• **Data for this exercise**
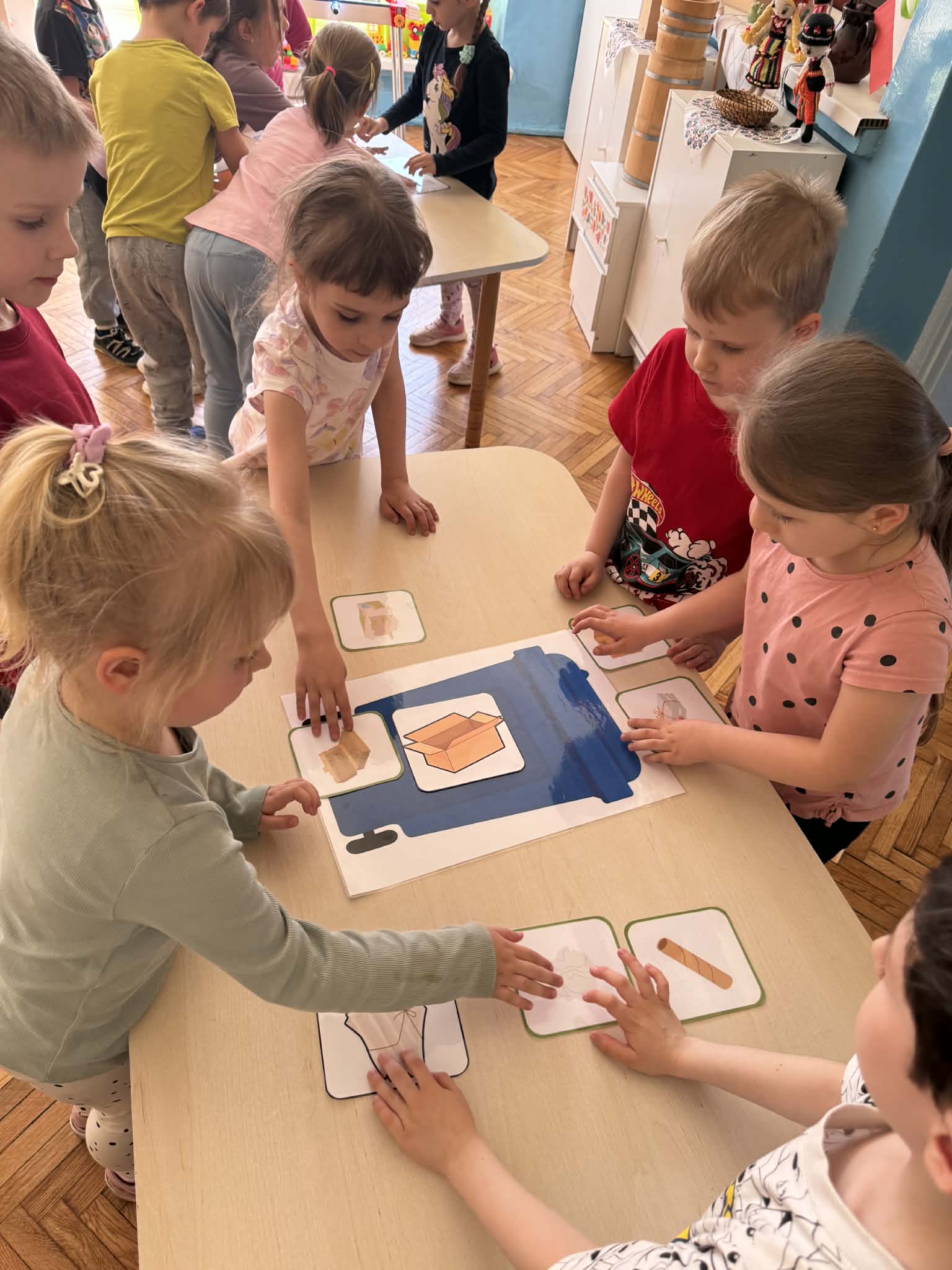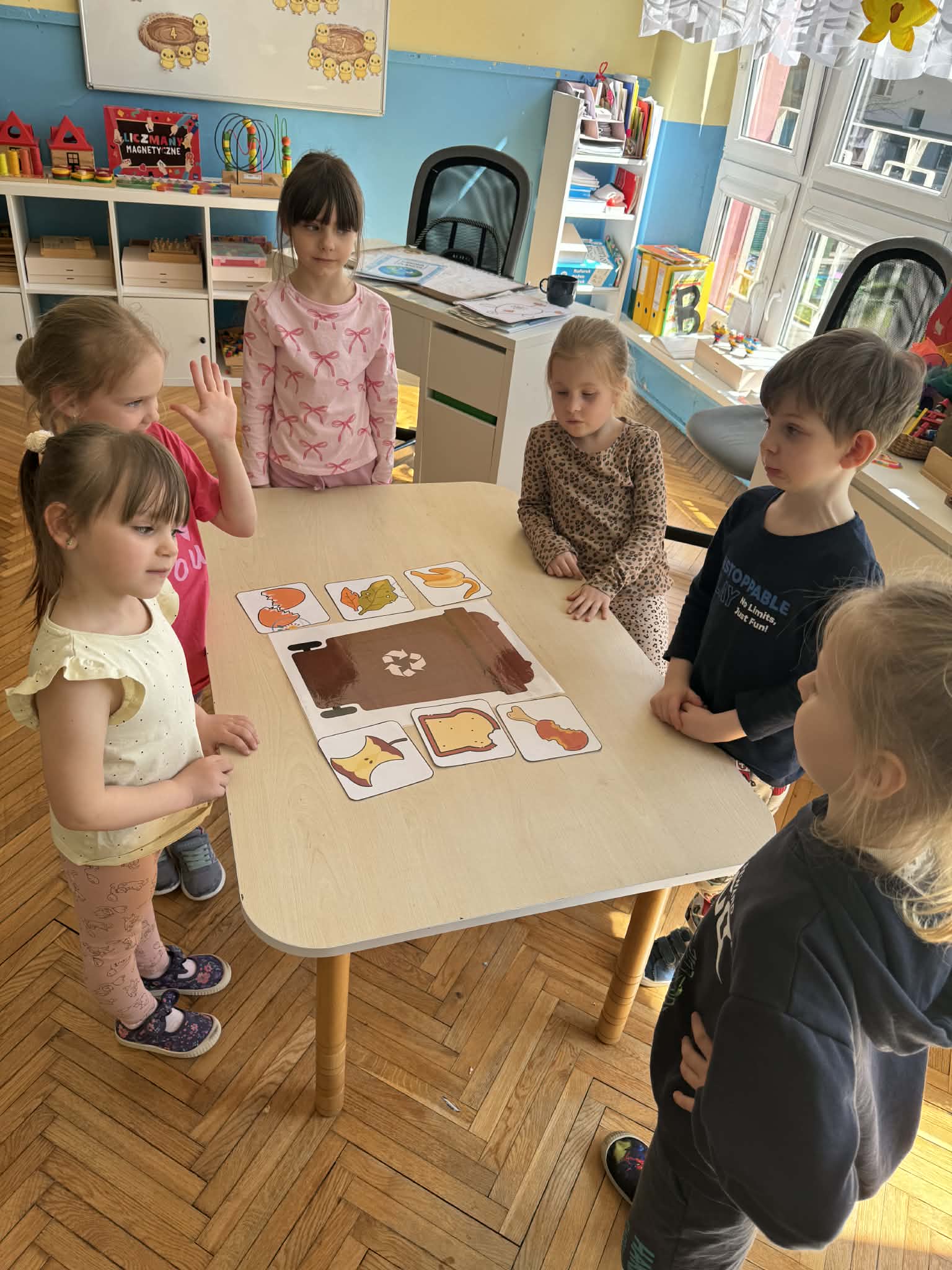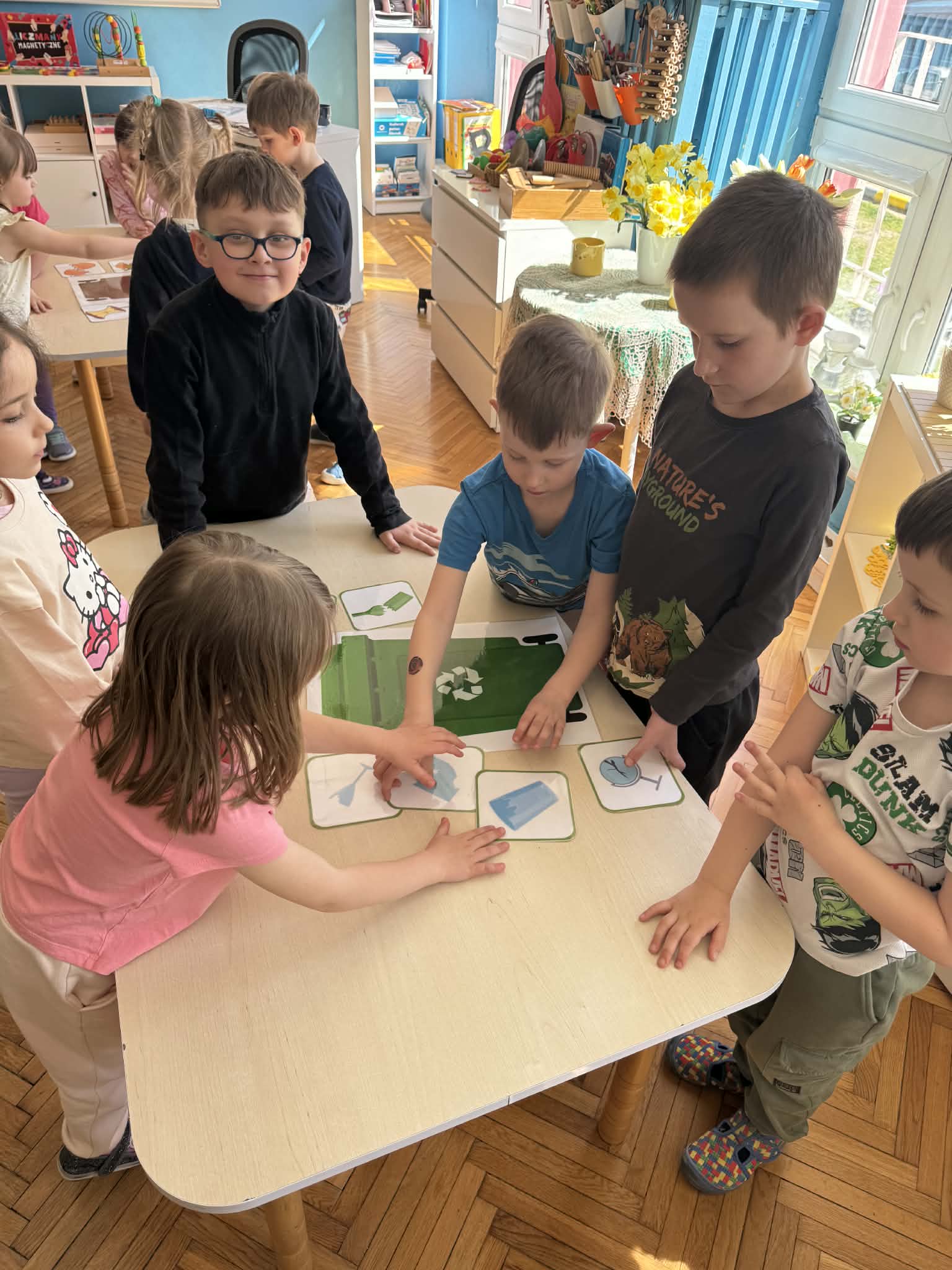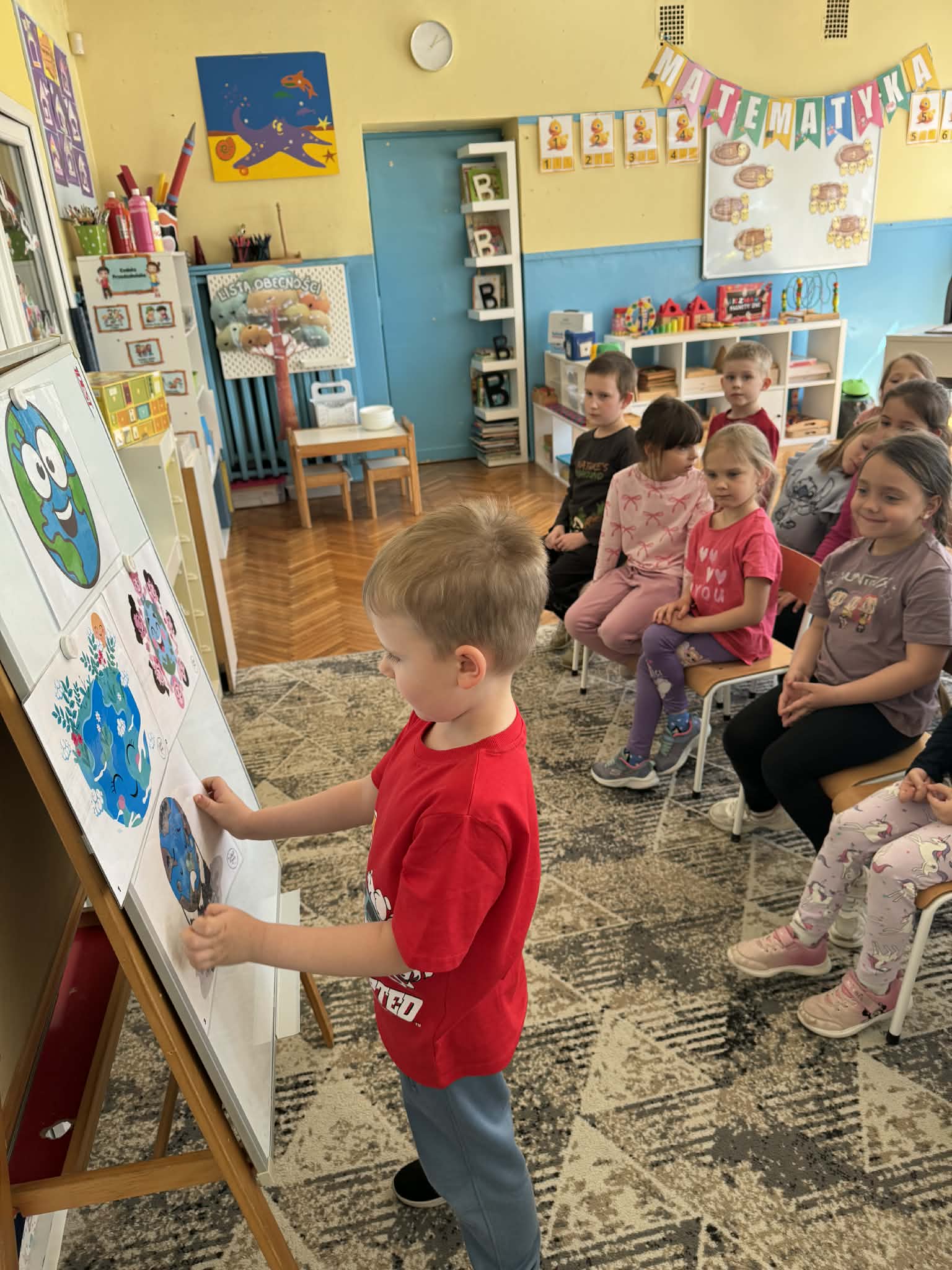 Dzieci rozpoczęły zajęcia od wysłuchania historyjki obrazkowej dotyczącej naszej planety. Następnie układały ilustracje w odpowiedniej kolejności, tworząc spójną opowieść o Ziemi i ucząc się, jak należy o nią dbać. Kolejnym etapem była zabawa edukacyjna związana z ekologią. Przedszkolaki segregowały obrazki odpadów, dopasowując je do właściwych koszy. Dzięki temu utrwalały wiedzę na temat recyklingu i zasad prawidłowej segregacji śmieci. Na zakończenie, korzystając z pięknej, słonecznej pogody, dzieci spędziły czas na świeżym powietrzu, bawiąc się w ogrodzie przedszkolnym. Radosna zabawa była doskonałym podsumowaniem dnia pełnego nauki i nowych doświadczeń.
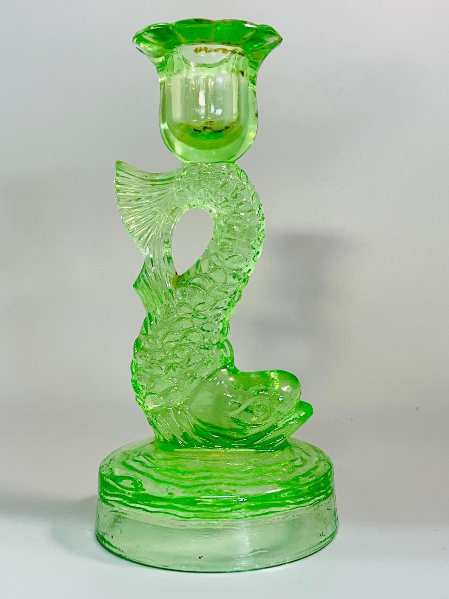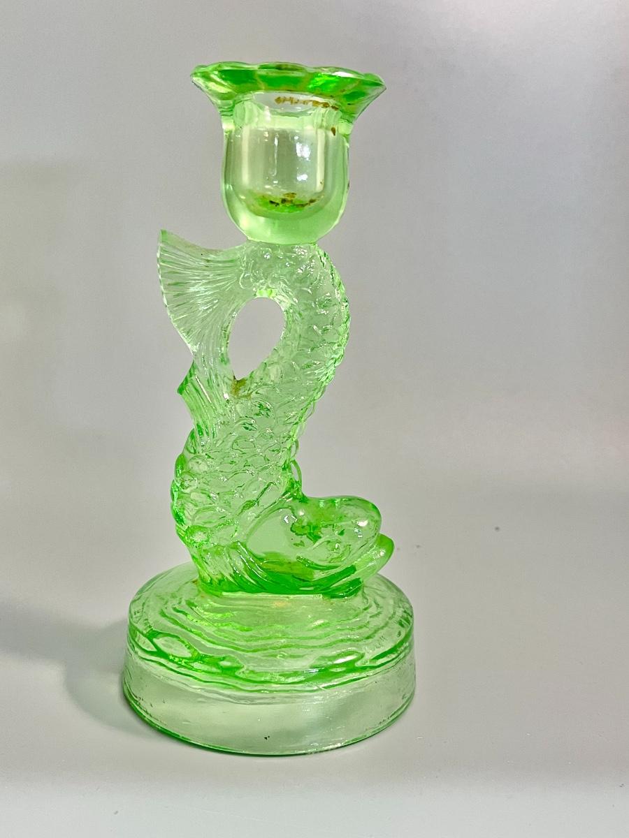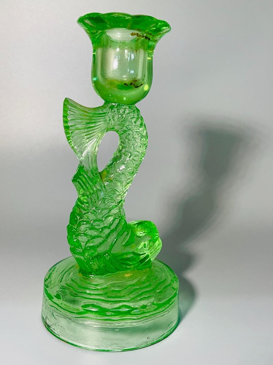 Lovely glow to this piece that is in excellent condition. Needs a gentle cleaning. A great addition to your vintage glass collection. The dolphin is sure a great piece to keep or gift to a fellow collector.
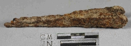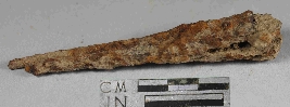| Description / विवरण | Entirely rusted nail with broken top and long body. |
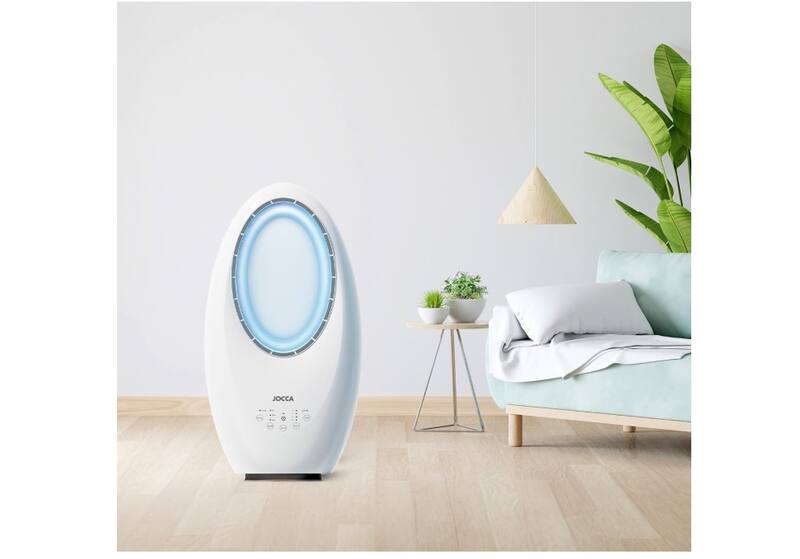 Ventilador de torre sin aspas de Jocca: este modelo también se ha ganado la preferencia de los usuarios por su potente flujo de aire y la posibilidad de ajustar sus velocidades. Su función de luz LED con colores intercambiables lo convierte en una opción decorativa, además de funcional.
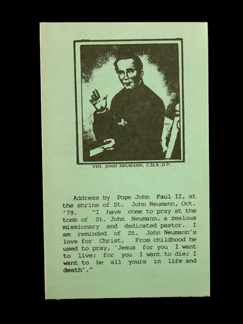 Bishop John Neumann, Converted to Christ yet praised by Pope John Paul II By Frank A. Eberhardt
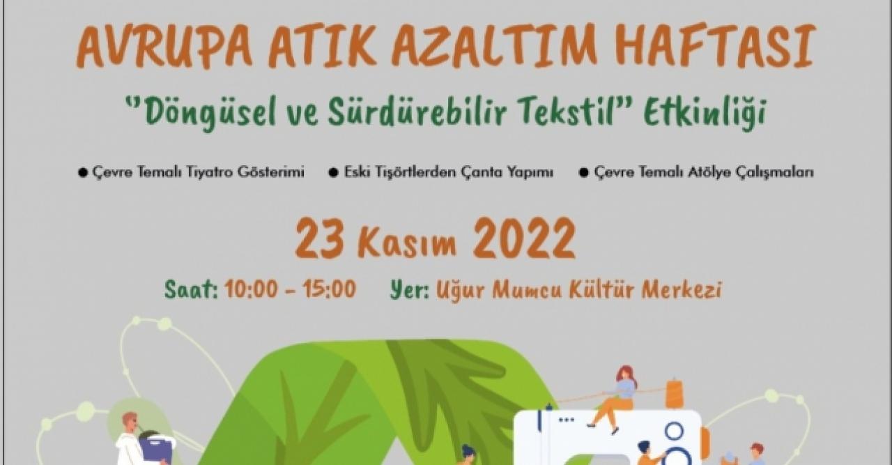 Uğur Mumcu Kültür Merkezi'nde 23 Kasım Çarşamba günü saat 10:00-15.00 aralığında gerçekleştirilecek olan 'Döngüsel ve Sürdürülebilir Tekstil’ etkinliğinde okul öğrencilerine yönelik çevre temalı tiyatrolar, iklim değişikliği ve sıfır atık konulu eğitim sunumu, çevre temalı atölye çalışmaları, eski tişörtlerden çanta yapımı da gerçekleştirilecek.
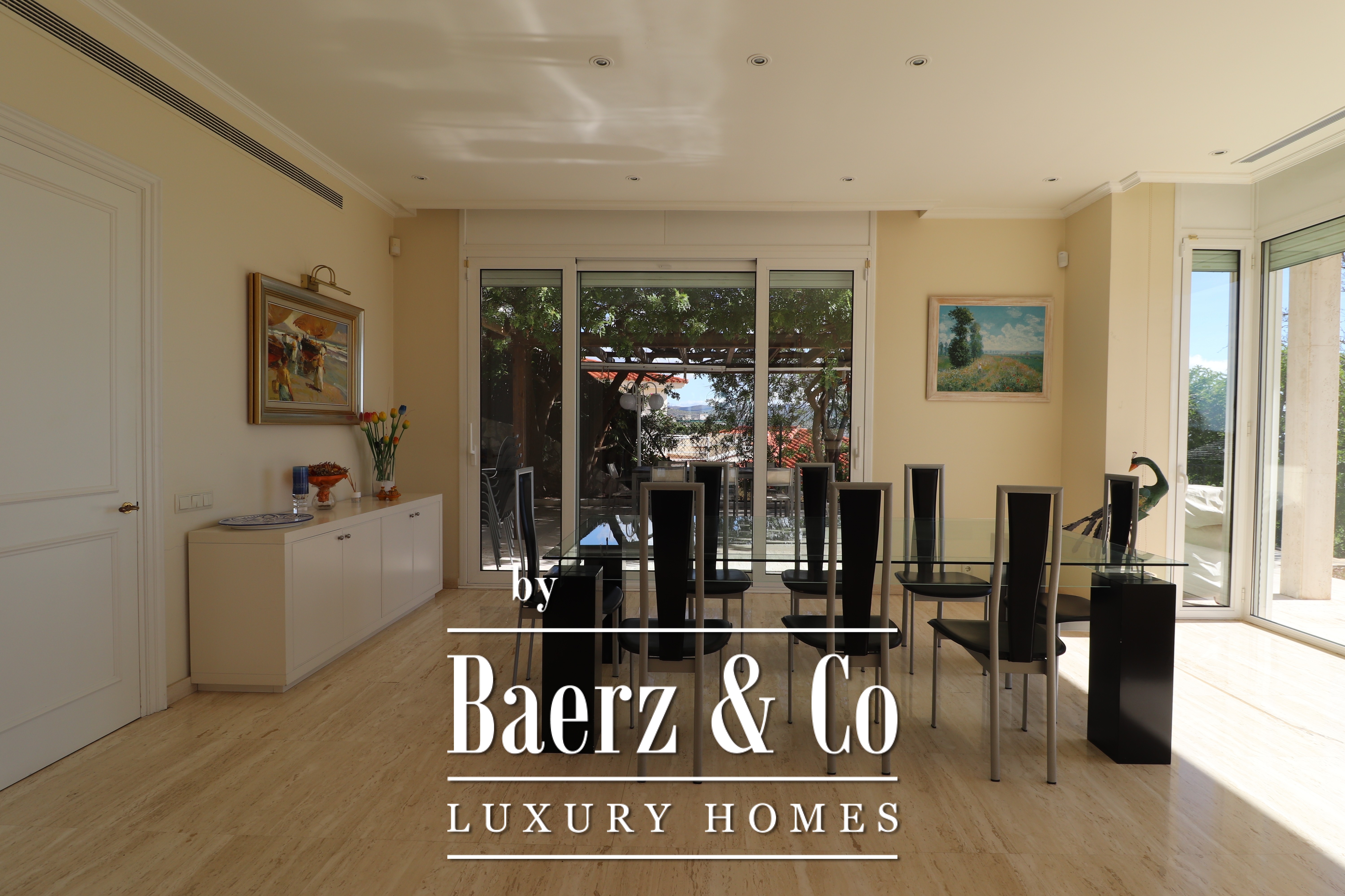 De bovenste verdieping is gericht op rust, met vier suites, elk voorzien van dressing en privéterras tegen het mediterrane decor. De benedenverdieping verrijkt het dagelijks leven met een fitnessruimte, sauna, wijnkelder met eetgedeelte, een extra slaapkamer, wasruimte en een garage met plaats voor acht auto's. Hoogwaardige materialen, marmeren vloeren, luxueuze timmerwerken en subtiele domotica kenmerken elk detail. Op slechts enkele minuten van het centrum van Sitges en de zee biedt deze luxe villa een comfortabel, privé en stijlvol leven.

• **Task to complete**
Within the listing above, extract exactly the lines that run from the one containing "long body. |" through the one containing "Uğur Mumcu Kültür", excluding any pictures.

• **Answer for the task**
| Description / विवरण | Entirely rusted nail with broken top and long body. |
 Ventilador de torre sin aspas de Jocca: este modelo también se ha ganado la preferencia de los usuarios por su potente flujo de aire y la posibilidad de ajustar sus velocidades. Su función de luz LED con colores intercambiables lo convierte en una opción decorativa, además de funcional.
 Bishop John Neumann, Converted to Christ yet praised by Pope John Paul II By Frank A. Eberhardt
 Uğur Mumcu Kültür Merkezi'nde 23 Kasım Çarşamba günü saat 10:00-15.00 aralığında gerçekleştirilecek olan 'Döngüsel ve Sürdürülebilir Tekstil’ etkinliğinde okul öğrencilerine yönelik çevre temalı tiyatrolar, iklim değişikliği ve sıfır atık konulu eğitim sunumu, çevre temalı atölye çalışmaları, eski tişörtlerden çanta yapımı da gerçekleştirilecek.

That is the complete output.